355 500 произведений, 25 200 авторов.

Электронная библиотека книг » Наталья Андреева » Смерть по сценарию » Текст книги (страница 6)
Смерть по сценарию
  • Текст добавлен: 12 октября 2016, 01:17

Текст книги "Смерть по сценарию"


Автор книги: Наталья Андреева



сообщить о нарушении

Текущая страница: 6 (всего у книги 18 страниц)

– В той замечательной главе, что попала в руки капитана Михина в пятницу, – Леонидов кивнул на Игоря, внимательно разглядывавшего любовь писателя, – в той главе так упоительно рассказывается о вашем романе с Павлом Андреевичем и о том, как вас ревновал муж и как подсыпал яд в стакан. Вы помните этот стакан?
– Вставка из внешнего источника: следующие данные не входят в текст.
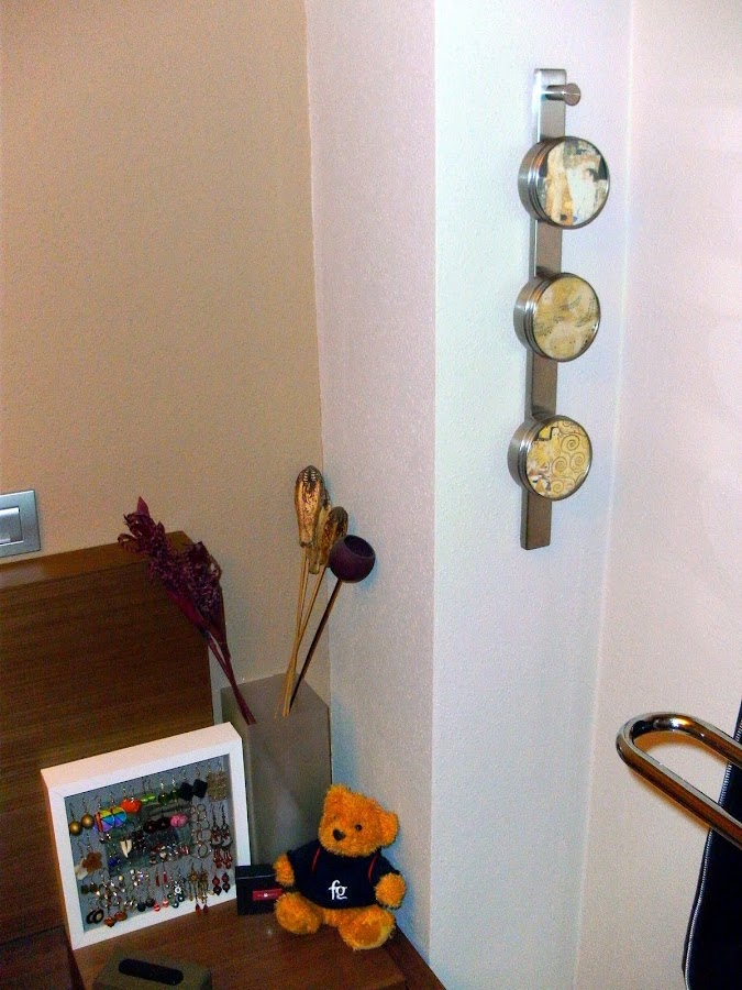 Para el resto de pendientes, que son los que no se pueden colgar en la malla, se me ocurrió emplear unos especieros Grundtal de Ikea con su soporte magnético, que son los que aparecen sobre los cuadros. Los pendientes van colocados dentro de los especieros pinchados sobre un trozo de "esponja" de la que se emplea para realizar centros de flores.

– Какой яд? Какая глупость!

– Фантазия писателя?

– Да, фантазия, – уверенно заявила она.

– А ваша любовь тоже фантазия?

– Он что, про все это написал?

– Вы не читали?

– Я не котировалась у Павла как достойный литературный рецензент.

– Что ж, тогда, думаю, вам стоит почитать. Ты позволишь? – Леонидов взял у Михина отрывок, который сегодня утром впервые прочитал сам.

Любовь Николаевна сначала колебалась: читать или не читать, потом нерешительно тронула первый листок. Ее щеки то бледнели, то краснели, она морщилась, почти плакала, потом, нахмурившись, замирала, и все ее чувства отражались на лице. Наконец все кончилось, Леонидов понял, что она уже прочитала и просто боится что-либо сказать. Сидит, не решаясь поднять глаза от бумаги и признать даже небольшую долю правды, которая наверняка там была.

– Любовь Николаевна, не надо.

– Что?

– Я и про себя и про жену свою прочитал отнюдь не деликатные вещи, что ж поделаешь. Так он врал?

– Да если бы это было правдой! Если бы было правдой! Да разве я тогда могла бы? – Она захлебнулась своим горем, как соленой морской волной, охнула и прижалась к шершавому деревянному столбу беседки.

– Вас не было на даче в тот вечер?

– Да была я там, господи, была! Только Паша меня не любил. Ну, тогда, в конце второго курса, может быть, что-то и было, хотя я никогда не верила, трудно было верить. Он все себе придумал, как придумывал эти свои романы, надо же было деть куда– то все эти красивые слова, эти описания, эту не поддающуюся контролю страсть. Все ложь. Он был человеком расчетливым, холодным, умел подавлять любые лишние чувства в себе. А любовь, по Клиши– ну, – это лишнее чувство.

– Значит, вы не были его любовницей в течение этого года?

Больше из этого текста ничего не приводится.